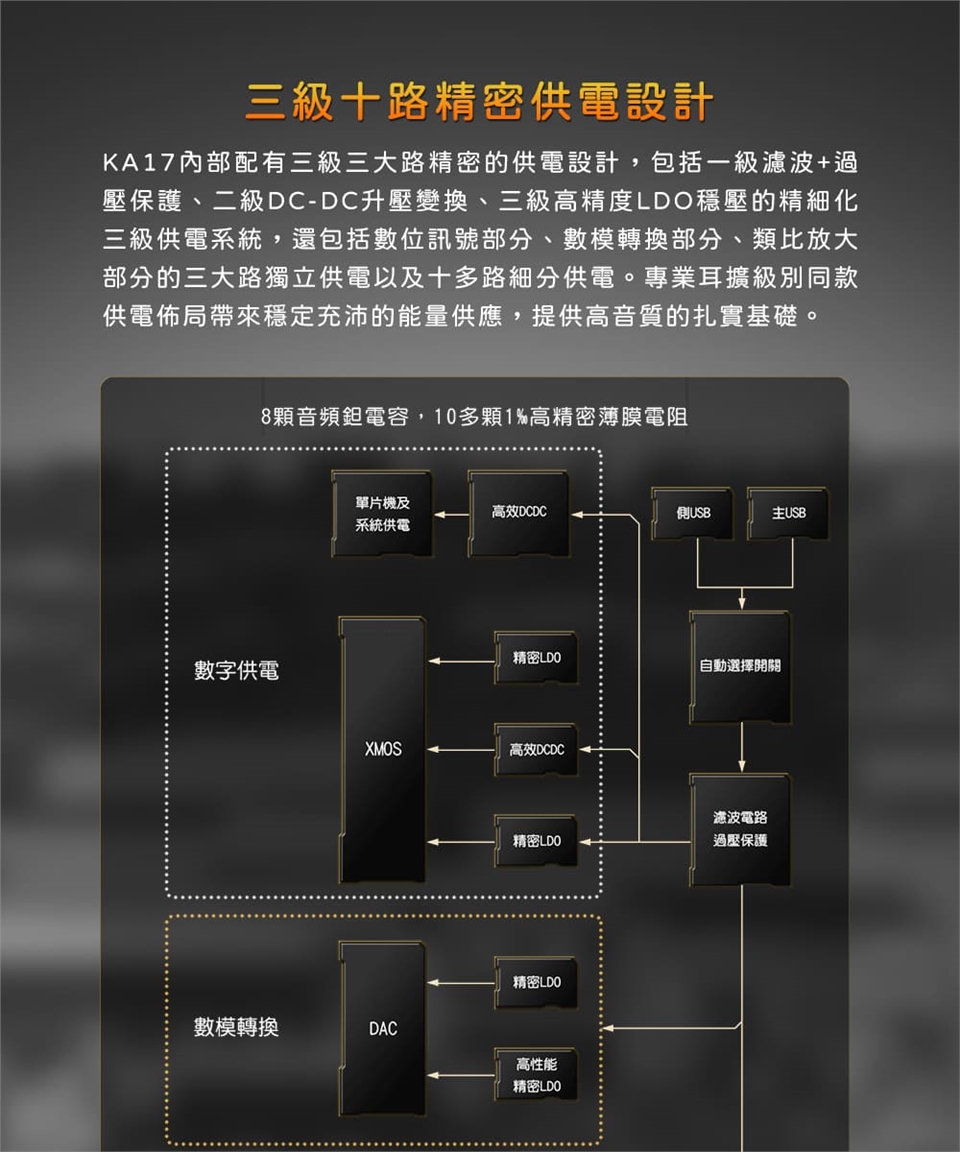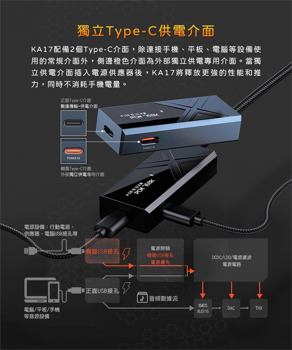 1.本產品內容物包含:KA17*1、專用皮套*1、雙Type-C短數據線*1、Type-A轉Type-C轉接頭、USB防塵塞*2,圖中手機、電腦、擴大機...等僅為示意圖,無包含於產品內。
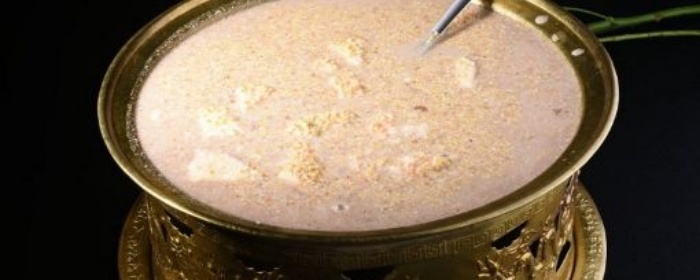 | 蒙古族传统饮品,以砖茶、牛奶等为原料煮制而成。味道浓郁醇厚,带有淡淡的茶香和奶香。可搭配炒米、奶豆腐等食用,是草原人民日常喜爱的饮品。 | |
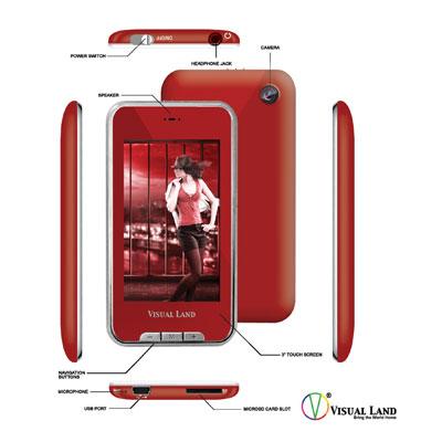 The V-Touch Pro features a 3 touch screen with multiple video, music and image support in an ultra-thin, portable housing. It has a TV Out for playing videos on external TV/Monitor, a built-in camera, built-in speaker and MicroSD card slot. Also has an FM Radio, Voice Recorder and E-Book reader. Accessories: In-Ear Headphones, USB Connector
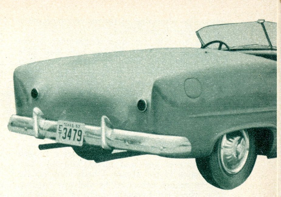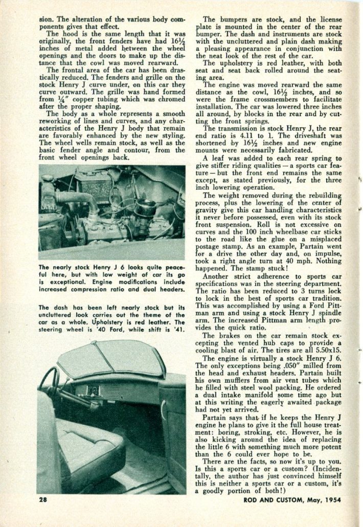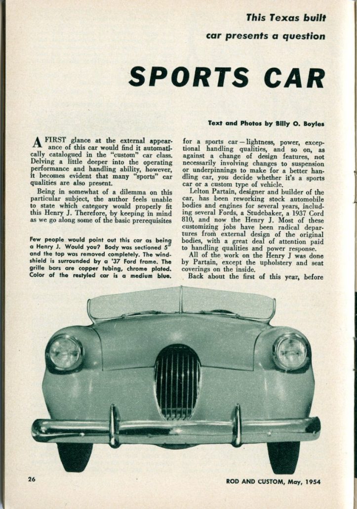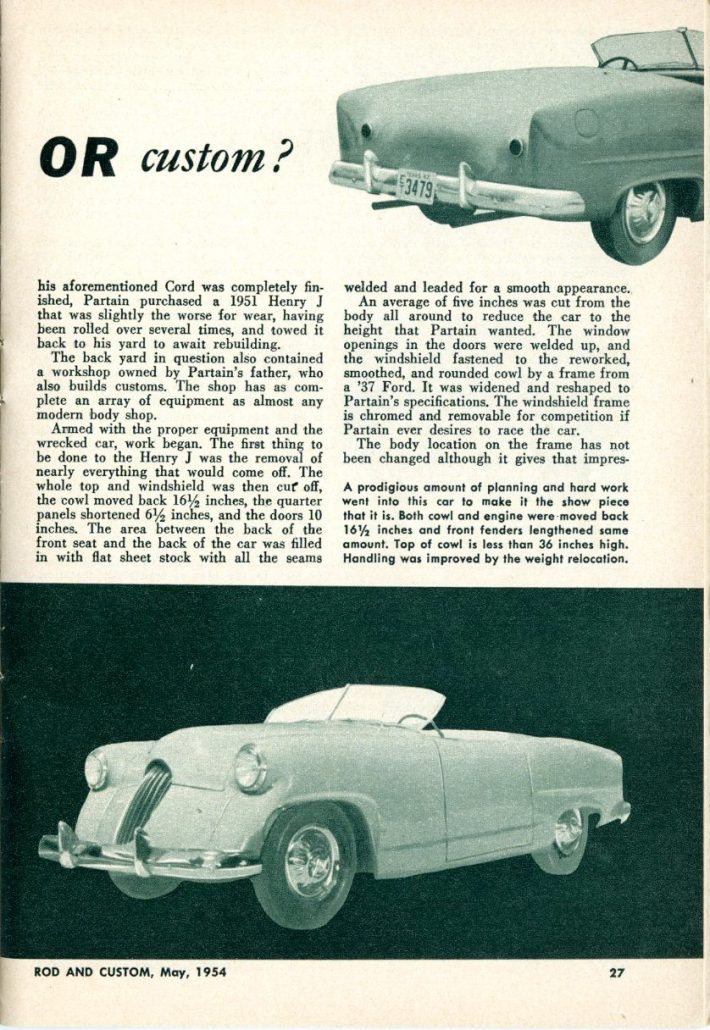 Lelton Partain, designer and builder of the car, has been reworking stock automobile bodies and engines for several years, including several Fords, a Studebaker, a 1937 Cord 810, and now the Henry J.  Most of these customizing jobs have been radical departures from external design of the original bodies, with a great deal of attention paid to handling qualities and power response.
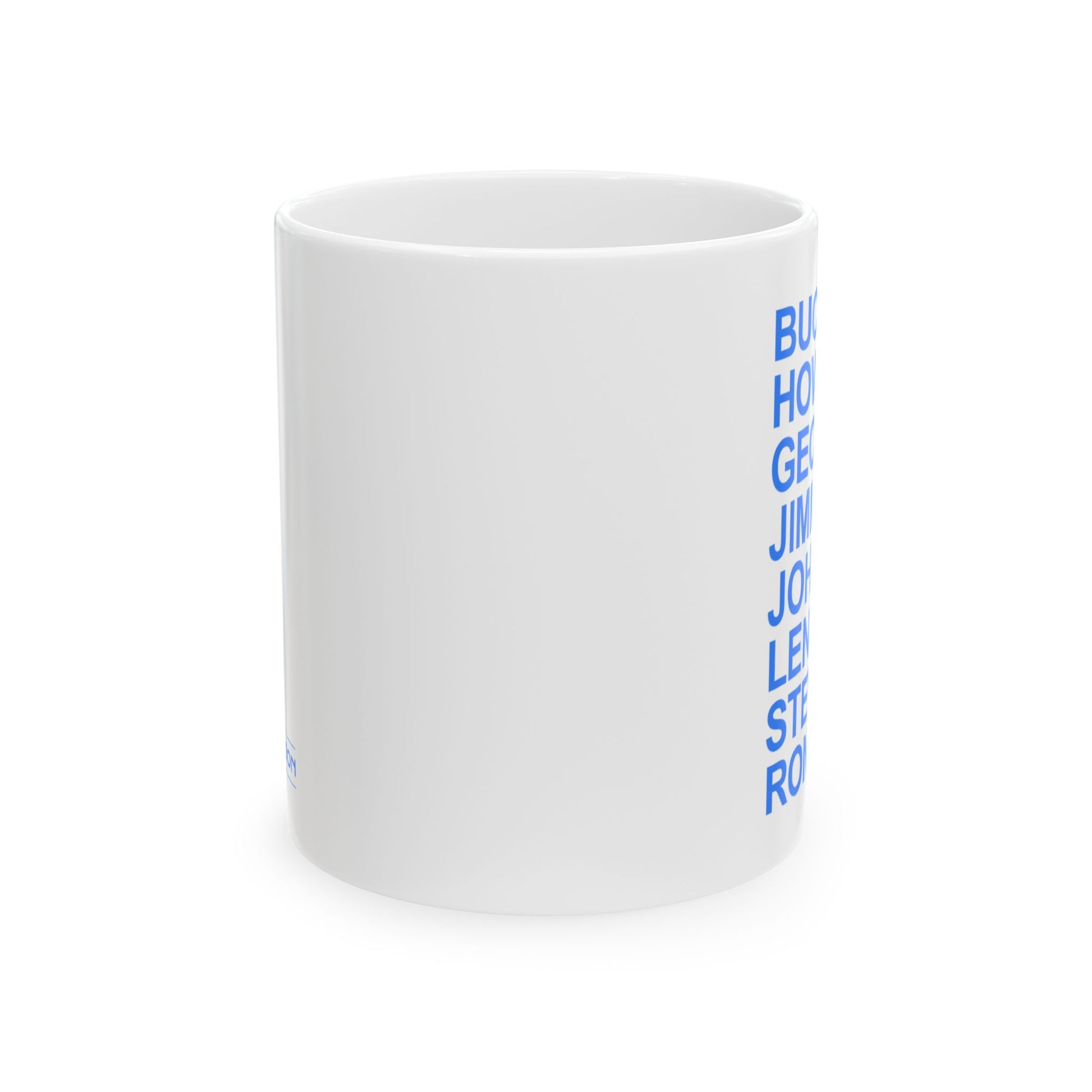 11-ounce ceramic coffee mug with the best 7 String Jazz Guitarists. The coffee mug that pays homage to some of the best seven-string jazz guitarists.

About this exercise ::
Lines starting at the one with "The V-Touch Pro" and ending at the last line of the entries above must be restated word for word, with pictures omitted.

Response area ::
 The V-Touch Pro features a 3 touch screen with multiple video, music and image support in an ultra-thin, portable housing. It has a TV Out for playing videos on external TV/Monitor, a built-in camera, built-in speaker and MicroSD card slot. Also has an FM Radio, Voice Recorder and E-Book reader. Accessories: In-Ear Headphones, USB Connector
 Lelton Partain, designer and builder of the car, has been reworking stock automobile bodies and engines for several years, including several Fords, a Studebaker, a 1937 Cord 810, and now the Henry J.  Most of these customizing jobs have been radical departures from external design of the original bodies, with a great deal of attention paid to handling qualities and power response.
 11-ounce ceramic coffee mug with the best 7 String Jazz Guitarists. The coffee mug that pays homage to some of the best seven-string jazz guitarists.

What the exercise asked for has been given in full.